Regardless of the cause, it had been thought that the LHB had sterilised Earth’s surface. The astrobiologists, Oleg Abramov and Stephen Mojzsis, accept that microbial life on the surface may have been forced from the surface by the repeated bombardment, which lasted up to 200 million years. However, their simulations of the Earth’s crust show that the pressure of the impacts will have created a vast network of cracks and hydrothermal vents underneath the ground, the perfect habitats for simple microbial life to hide in. Even if life was not yet present, these cracks and vents will have become home to the first life forms at some point.

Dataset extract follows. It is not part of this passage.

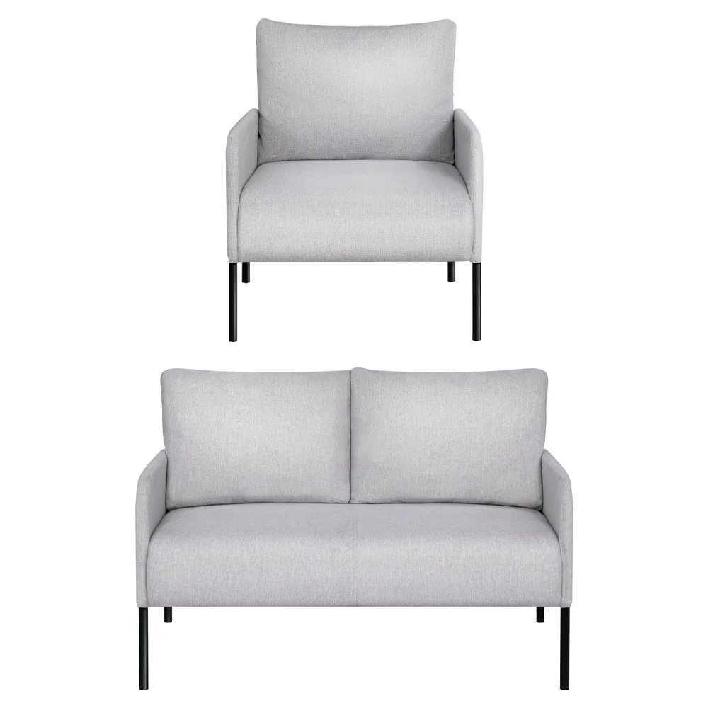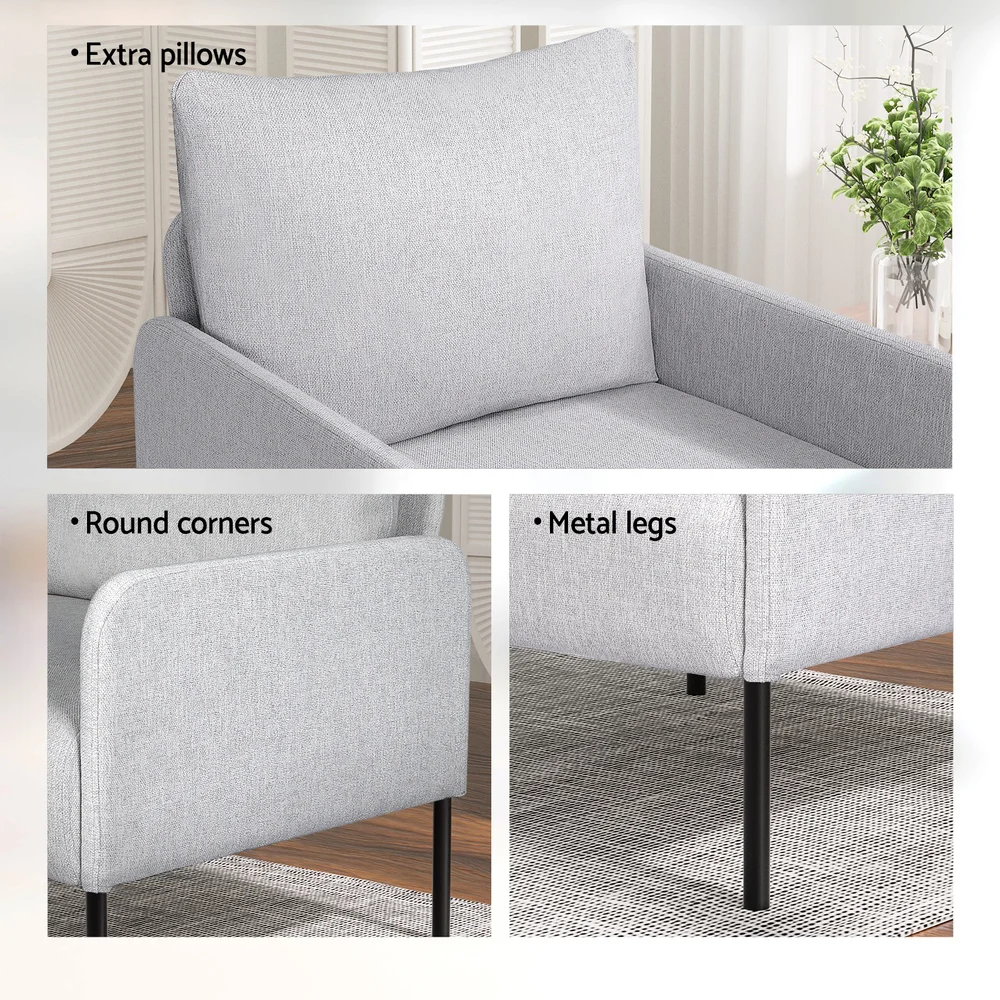 Artiss Kane 4 Seater Armchair Sofa Set, Modern Scandinavian, Linen Fabric, Metal Frame, Grey, Plush Comfort

“Even under the most extreme conditions we imposed on our model, the bombardment could not have sterilised Earth completely,” says Abramov. “Our results are in line with the scientific consensus that hyperthermophilic, or ‘heat-loving’, microbes could have been the earliest life forms on Earth, or survivors from an even more ancient biosphere."

Abramov and Mojzsis’ research is published in the 21 May issue of the journal Nature.
cicerone imposter
 
  1  
Wed 8 Jul, 2009 06:28 pm
@Lightwizard,
That's a "sweet" story, but I'd like to see more evidence about sugars, proteins, and asteroids that brought them to earth.

Also, more evidence about where earth's water supply came from. Which came first? Clouds or water from asteroids? Sorta makes Noah's flood puny by comparison.